What is expected: Could you return every line of the material that contains the word "entrega"?

Records provided:
++++++++

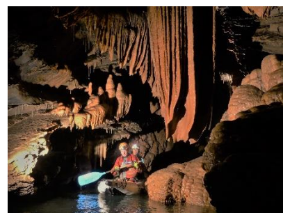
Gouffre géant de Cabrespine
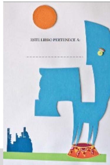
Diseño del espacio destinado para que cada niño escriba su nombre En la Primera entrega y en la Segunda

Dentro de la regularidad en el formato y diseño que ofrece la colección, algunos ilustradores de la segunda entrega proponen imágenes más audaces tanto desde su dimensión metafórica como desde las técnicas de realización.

++++++++

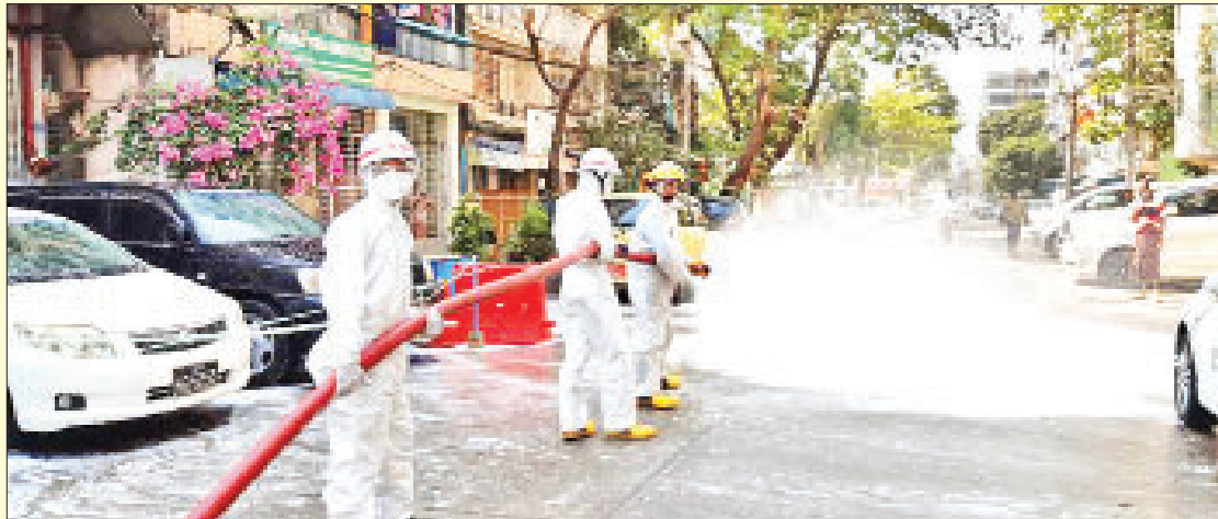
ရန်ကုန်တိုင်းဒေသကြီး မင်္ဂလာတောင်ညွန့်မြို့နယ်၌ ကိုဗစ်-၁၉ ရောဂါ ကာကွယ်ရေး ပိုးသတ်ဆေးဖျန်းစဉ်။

++++++++

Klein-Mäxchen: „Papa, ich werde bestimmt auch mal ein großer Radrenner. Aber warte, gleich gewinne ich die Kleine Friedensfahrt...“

++++++++

Exercise response:
Diseño del espacio destinado para que cada niño escriba su nombre En la Primera entrega y en la Segunda
Dentro de la regularidad en el formato y diseño que ofrece la colección, algunos ilustradores de la segunda entrega proponen imágenes más audaces tanto desde su dimensión metafórica como desde las técnicas de realización.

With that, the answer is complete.